Curate a walk
One Saturday afternoon last fall Chris met me at the Performing Arts Library, after a contentious school rezoning meeting I was reporting on for work, and we headed to tiny Box Kite café for coffee.
Unsettled and feeling sluggish, I hadn’t gotten further than the cafe in my own plan for the day, thinking a nap sounded nice, but when Chris pulled out a worn little yellow book called Tree Trails in Central Park, I knew he’d plotted a walk well in advance, perhaps in the bath the night before.
And ever since I’ve been working on a theory that life is lived best if approached through a series of enlightening, playful, curated escapades.
The prospect of a tree walk did not thrill me. Honestly, one tree looks pretty much like another to me. Take me to a used bookstore or a gift shop in Red Hook, Brooklyn with letterpress notecards.
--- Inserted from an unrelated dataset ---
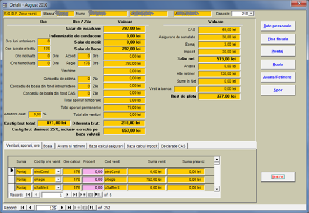 În partea inferioară a ferestrei găsim toate informațiile introduse legate de calcularea salariului lunar, cum sunt veniturile, orele suplimentare, avansurile, concediile medicale. Modificarea acestor date se poate realiza fie cu ajutorul butoanelor din partea dreaptă, fie prin accesarea acestora din meniurile corespunzătoare.
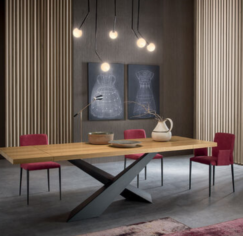 Il tavolo Atlante è interamente in legno, disponibile nelle finiture noce canaletto e rovere coke termo-trattato. Le gambe a cavalletto della larghezza di 17 cm gli conferiscono un aspetto maestoso. La bisellatura del piano mette in risalto le calde venature del legno. Il tavolo è dotato di un sistema di allunghe con guide in alluminio anodizzato. Le allunghe, da 40 cm, sono interne in biglia con il

But I plodded after my guide because it was a lovely day, in the mid-50s, chilly and sunny and perfect for walking. We entered Central Park near west 72nd Street and soon I learned we were in search of one particular tree—a cut-leaf European beech.
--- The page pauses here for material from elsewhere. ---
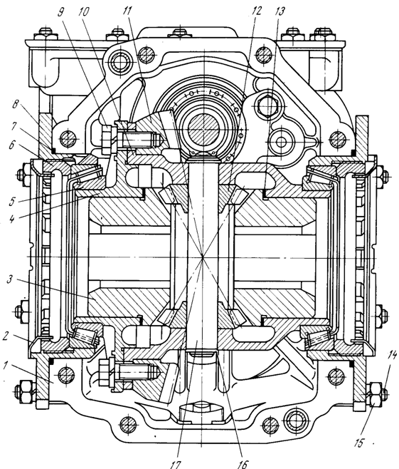 Рис. 87. Главная передача: 1 — картер коробки передач; 2 — стопор регулировочной гайки; 3 — шестерня полуоси; 4 — крышка корпуса дифференциала; 5 — конический подшипник; 6 — регулировочная гайка; 7 — уплотнительное кольцо; 8 — корпус подшипника дифференциала; 9 — болт крепления ведомой шестерни; 10 — корпус дифференциала; 11 — ведомая шестерня главной передачи; 12 — сателлит; 13 — опорная шайба шестерни полуоси; 14 — шпильки крепления корпуса дифференциала; 15 — гайки; 16 — стопорное кольцо пальца сателлитов; 17 — палец сателлитов.

It’s not easy to find a single tree across 843 acres, but the yellow book clued us in to these embossed numbered metal plaques on Central Park’s cast iron lampposts. They would guide us. The first two digits correspond to cross streets. (Who knew?) We wanted 7104, that is, a lamppost parallel to 71st Street. Now our walk took on the quality of an Easter egg hunt as we scouted around, calling out to each other the numbers on the lampposts.
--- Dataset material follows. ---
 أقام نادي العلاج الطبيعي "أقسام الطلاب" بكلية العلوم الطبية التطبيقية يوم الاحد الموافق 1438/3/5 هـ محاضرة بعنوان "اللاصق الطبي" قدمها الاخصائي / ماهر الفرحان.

As we tried to locate one lamppost that would lead us to one tree, I spotted papery, red-orange Chinese lanterns and swathes of purple-white asters, and felt my churning mind settle.
Chris hurried along the path as though the tree might get away from us and I realized that I, an educator, resist learning, because I think of it as work, but that this kind of learning was much more an exploit or caper in the nature of a scavenger hunt.
It reminded me of the time when Ingo and I packed snacks, lunches and a thermos of tea, and visited all 21 playgrounds in Central Park in one day. He was ten years old and it took us seven hours. Thanks to a little pre-research on adventure playgrounds, we learned more about the changing nature of play in NYC.
Chris has planned walks that followed evidence of all things Ethiopian in Harlem and all things Christian Science. One recent idea proposed by a friend was to walk the entire length of Myrtle Avenue and this opened whole new possibilities for ways of exploring the city. Myrtle Avenue is 8 miles long and snakes along from Flatbush Avenue in Downtown Brooklyn to Jamaica Avenue in Richmond Hill, Queens.
All of which brings me to the cut-leaf beech. We found this broad generous tree alongside the carriage turnaround, with people resting in its shade as I suppose people had for more than 100 years. It looked like a shout of joy, its feathered fingers stretching skyward.
On our walk home my vision had changed.
All I could see were trees, trees, trees.